Your assignment = In the entries below, which lines run from the one with "Vintage inspiration refreshes" through the one with "Milan’s Velasca Tower"? Repeat exactly those, both included, and no pictures.

Task material =

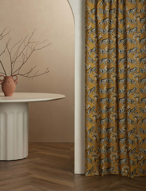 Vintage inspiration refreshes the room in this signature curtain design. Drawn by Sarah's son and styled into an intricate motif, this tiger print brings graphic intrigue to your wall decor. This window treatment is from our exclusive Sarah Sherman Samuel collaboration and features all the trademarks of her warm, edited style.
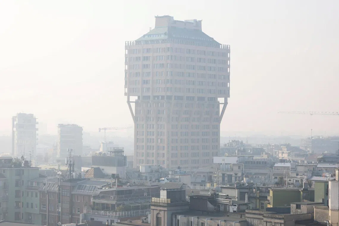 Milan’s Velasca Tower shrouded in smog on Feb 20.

--

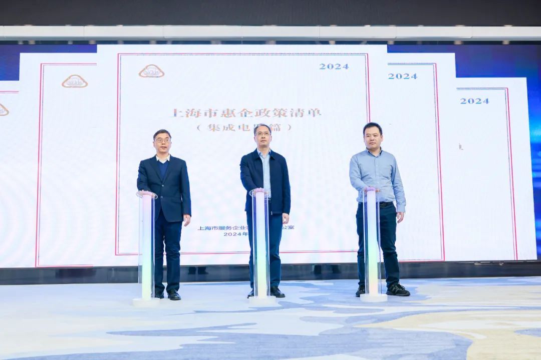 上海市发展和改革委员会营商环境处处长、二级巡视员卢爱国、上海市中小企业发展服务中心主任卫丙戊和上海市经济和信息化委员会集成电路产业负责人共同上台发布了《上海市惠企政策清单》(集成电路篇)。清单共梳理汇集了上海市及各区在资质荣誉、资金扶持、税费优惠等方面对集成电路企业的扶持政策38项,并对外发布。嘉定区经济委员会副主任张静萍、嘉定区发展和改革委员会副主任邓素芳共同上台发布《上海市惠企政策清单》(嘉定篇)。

Written response =
 Vintage inspiration refreshes the room in this signature curtain design. Drawn by Sarah's son and styled into an intricate motif, this tiger print brings graphic intrigue to your wall decor. This window treatment is from our exclusive Sarah Sherman Samuel collaboration and features all the trademarks of her warm, edited style.
 Milan’s Velasca Tower shrouded in smog on Feb 20.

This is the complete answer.